Several gene editing approaches can be employed to investigate nadD's role in P. syringae pv. tomato virulence:

• CRISPR-Cas9 system:

  • Development of a CRISPR-Cas9 system optimized for P. syringae

  • Generation of precise point mutations in catalytic residues

  • Creation of conditional knockdowns using inducible promoters

  • Introduction of epitope tags for protein localization studies

• Targeted mutagenesis strategies:

  • Site-directed mutagenesis of key residues identified through structural comparison with M. tuberculosis nadD

  • Creation of chimeric enzymes with domains from different bacterial species to identify determinants of specificity

  • Generation of temperature-sensitive mutants for temporal control of nadD function

• Expression modulation approaches:

  • Antisense RNA-based knockdown systems

  • Riboswitch-mediated regulation of nadD expression

  • Promoter replacement with tunable/inducible systems

• Functional complementation studies:

  • Heterologous expression of nadD variants from different pathovars

  • Trans-complementation with nadD homologs from non-pathogenic bacteria

  • Rescue experiments with pathogenicity assessment in tomato plants

• Multi-gene interaction analysis:

  • Simultaneous editing of nadD and virulence factors

  • Synthetic genetic array analysis to identify genetic interactions

  • Creation of metabolic bypass systems to test essentiality in different infection phases

These approaches would provide valuable insights into the functional importance of nadD in P. syringae pv. tomato pathogenicity and potentially identify novel intervention strategies.

How might structural information about P. syringae pv. tomato nadD inform the development of race-specific management strategies?

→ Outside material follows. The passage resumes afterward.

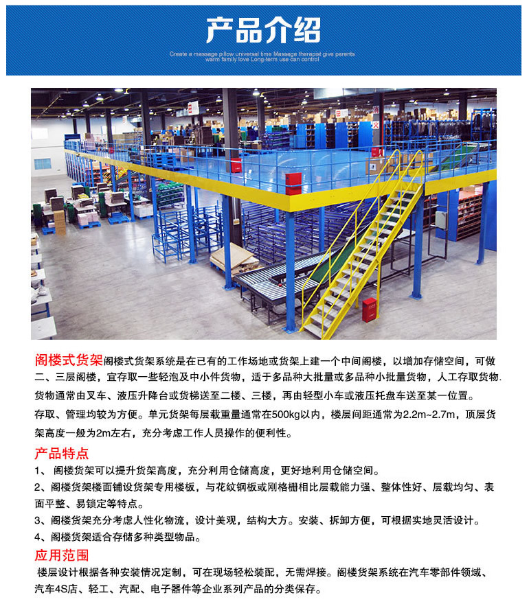 閣樓式貨架系統(tǒng)是在已有的工作場地或貨架上建一個(gè)中間閣樓,以增加存儲(chǔ)空間,可做二、三層閣樓,宜存取一些輕泡及中小件貨物,適于多品種大批量或多品種小批量貨物,人工存取貨物.貨物通常由叉車、液壓升降臺(tái)或貨梯送至二樓、三樓,再由輕型小車或液壓托盤車送至某一位置。 近幾年多使用冷軋型鋼樓板,它具有承載能力強(qiáng)、整體性好、承載均勻性好、精度高、表面平整、易鎖定等優(yōu)勢.有多種類型可選,并且易匹配照明系統(tǒng),存取、管理均較為方便。單元貨架每層載重量通常在500kg以內(nèi),樓層間距通常為2.2m~2.7m,頂層貨架高度一般為2m左右,充分考慮工作人員操作的便利性。 樓層設(shè)計(jì)根據(jù)各種安裝情況定制,可在現(xiàn)場輕松裝配,無需焊接。閣樓貨架系統(tǒng)在汽車零部件領(lǐng)域、汽車4S店、輕工、電子等行業(yè)有較多應(yīng)用。

Structural information about P. syringae pv. tomato nadD could inform race-specific management strategies through several avenues:

• Identification of race-specific structural features:

  • If nadD structures differ between race 0 and race 1 strains, these differences could be exploited for selective targeting

  • Comparison with the unique features identified in M. tuberculosis nadD, such as the 3₁₀ helix that locks the active site , might reveal race-specific regulatory mechanisms

• Structure-guided inhibitor design:

  • Molecular docking studies using race-specific structural models

  • Fragment-based approaches targeting unique binding pockets

  • Design of allosteric inhibitors that exploit race-specific conformational dynamics

• Prediction of resistance mechanisms:

  • Structural analysis can identify potential resistance mutations

  • Molecular dynamics simulations to predict the impact of mutations on inhibitor binding

  • Development of dual-targeting approaches to reduce resistance emergence

• Understanding host-specificity determinants:

  • Structural variations in nadD might correlate with adaptation to different tomato cultivars

  • These insights could inform breeding programs for resistance development

• Diagnostic applications:

  • Structure-informed development of antibodies that distinguish race-specific nadD variants

  • Design of aptamers or other molecular probes for rapid detection of specific races

The race concept in P. syringae pv. tomato may be becoming less distinct due to the presence of intermediate phenotypes and genetic mobility (such as avrPto1 in prophage elements) . Nevertheless, structural information about nadD could provide valuable insights into bacterial adaptation mechanisms and inform more targeted management approaches.